AHC: Most Effective US Army at Counter-Insurgency

Having returned to the forum after some tedious university second-year exams (on the Tokugawa Shogunate and 19th century Central Europe, thanks for asking), it seems that little has changed. The SF/Fantasy picture threads are still works of beauty, the Nazis could still win the war according to newbies, and Snake continues to discuss various types of warfare at great length.

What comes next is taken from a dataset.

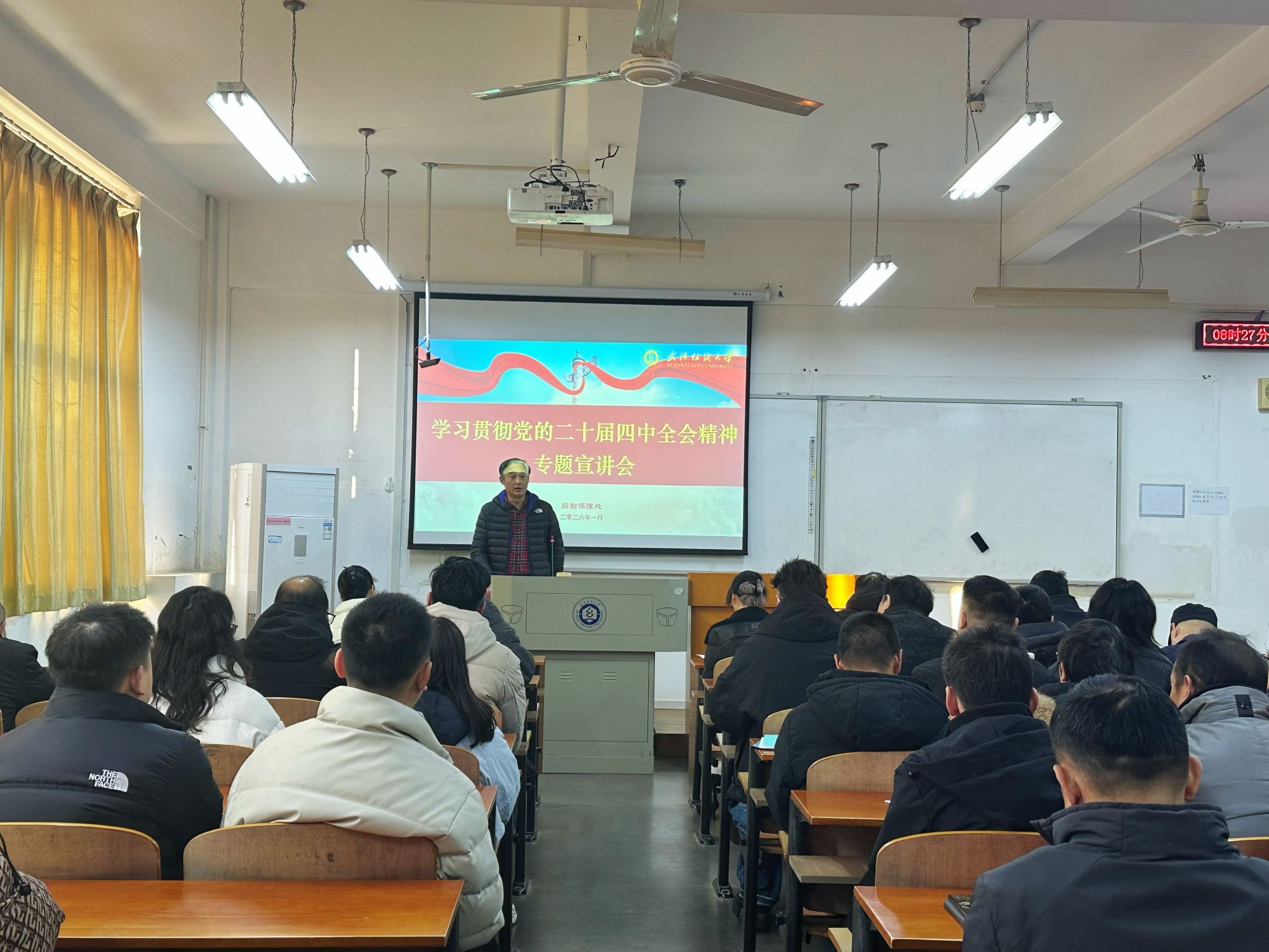 1月13日上午,后勤处在阳光校区崇志楼101室组织召开党的二十届四中全会精神专题宣讲会。会议由后勤党委书记卫冬妹主讲,后勤党委宣传委员杨卫国主持,处领导班子成员、全体中心主任、阳光校区全体党员和正式职工以及经理级编制外员工参加会议。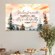 Boho and rustic Christian gender-neutral first birthday design based on psalm 139 "Fearfully and Wonderfully Made" with a watercolor-style landscape with mountains, fir trees, and a rising sun.

In accordance with the latter of these: how would it be possible for the US Armed Forces to be the most efficient and effective they possibly could be at Counter-Insurgency work after WWII? What sort of impact would this have on the wider historical context? (Including the US Army's readiness to face down Soviet armoured divisions through the Fulda Gap, for example.)
 

NothingNow

Banned
You do realize that was the Marine Corps mission, right?
Pretty much break the Officer Corps of the idea of preparing to fight the next big war exclusively, and start beating them, with the Small Wars Manual (1941 edition.)
After that, It's mostly policy, training, and better personal kit.
 
I remember reading somewhere that the US Marines had a rather better idea about Counter-Insurgency than the US Army in terms of small unit work and other important issues. How to get this more widely spread?
 

NothingNow

Banned
I remember reading somewhere that the US Marines had a rather better idea about Counter-Insurgency than the US Army in terms of small unit work and other important issues. How to get this more widely spread?

Pretty much, without a continuous string of small wars, with the Marines taking the lead, and using the Small Wars Manual to good effect, it's utterly impossible.
 
IMO you're looking at the wrong service

The US Army got really awesome at CI in the Indian wars and the Philippine Insurgency (or Failed War of Independence depending on your POV) and promptly forgot everything it learned by the time WWII came about.

The US Marines some would argue made CI their bread-and-butter from the 1900's on with the various "interventions" in Caribbean and South American nations.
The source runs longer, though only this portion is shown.